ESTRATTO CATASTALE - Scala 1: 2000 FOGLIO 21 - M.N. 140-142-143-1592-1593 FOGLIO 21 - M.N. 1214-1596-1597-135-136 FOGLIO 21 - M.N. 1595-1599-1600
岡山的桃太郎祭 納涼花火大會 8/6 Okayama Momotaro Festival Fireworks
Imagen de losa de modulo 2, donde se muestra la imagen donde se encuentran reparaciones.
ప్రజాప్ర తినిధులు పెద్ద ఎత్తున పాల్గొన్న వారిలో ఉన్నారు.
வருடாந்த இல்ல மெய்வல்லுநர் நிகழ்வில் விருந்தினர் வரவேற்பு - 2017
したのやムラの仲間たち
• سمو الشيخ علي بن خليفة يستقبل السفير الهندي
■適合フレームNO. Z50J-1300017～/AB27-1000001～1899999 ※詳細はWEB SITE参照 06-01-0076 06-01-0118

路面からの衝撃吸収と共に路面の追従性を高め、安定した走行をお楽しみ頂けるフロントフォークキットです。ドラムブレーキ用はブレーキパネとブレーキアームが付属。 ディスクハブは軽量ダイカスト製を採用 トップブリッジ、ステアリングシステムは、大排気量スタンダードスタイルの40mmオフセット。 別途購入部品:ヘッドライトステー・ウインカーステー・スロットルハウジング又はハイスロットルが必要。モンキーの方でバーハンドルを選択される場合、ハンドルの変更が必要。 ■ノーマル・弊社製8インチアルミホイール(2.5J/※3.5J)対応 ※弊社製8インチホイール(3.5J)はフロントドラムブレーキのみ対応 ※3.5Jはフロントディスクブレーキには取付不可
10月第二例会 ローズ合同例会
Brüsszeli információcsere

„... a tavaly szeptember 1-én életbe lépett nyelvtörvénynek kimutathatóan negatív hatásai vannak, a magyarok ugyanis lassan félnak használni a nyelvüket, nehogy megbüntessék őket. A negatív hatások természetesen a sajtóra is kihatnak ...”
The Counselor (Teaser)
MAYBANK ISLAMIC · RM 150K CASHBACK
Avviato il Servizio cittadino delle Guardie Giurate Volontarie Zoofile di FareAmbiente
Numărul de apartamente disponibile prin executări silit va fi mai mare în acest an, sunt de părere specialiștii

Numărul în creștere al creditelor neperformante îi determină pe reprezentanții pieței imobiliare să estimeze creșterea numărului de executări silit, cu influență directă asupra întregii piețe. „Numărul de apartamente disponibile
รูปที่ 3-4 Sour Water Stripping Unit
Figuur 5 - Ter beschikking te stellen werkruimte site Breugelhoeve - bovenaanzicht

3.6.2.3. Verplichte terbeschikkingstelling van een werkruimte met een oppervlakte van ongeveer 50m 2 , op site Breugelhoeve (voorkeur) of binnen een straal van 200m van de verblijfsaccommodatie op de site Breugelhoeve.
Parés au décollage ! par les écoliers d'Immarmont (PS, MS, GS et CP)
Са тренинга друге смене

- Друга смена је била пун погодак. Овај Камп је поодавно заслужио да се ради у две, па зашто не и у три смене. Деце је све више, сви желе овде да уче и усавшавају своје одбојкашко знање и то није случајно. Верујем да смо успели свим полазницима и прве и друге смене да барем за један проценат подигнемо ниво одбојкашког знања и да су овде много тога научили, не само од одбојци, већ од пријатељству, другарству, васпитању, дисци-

........

When the string "executări" appears in a line of the records above, that line is to be copied.

Numărul de apartamente disponibile prin executări silit va fi mai mare în acest an, sunt de părere specialiștii
Numărul în creștere al creditelor neperformante îi determină pe reprezentanții pieței imobiliare să estimeze creșterea numărului de executări silit, cu influență directă asupra întregii piețe. „Numărul de apartamente disponibile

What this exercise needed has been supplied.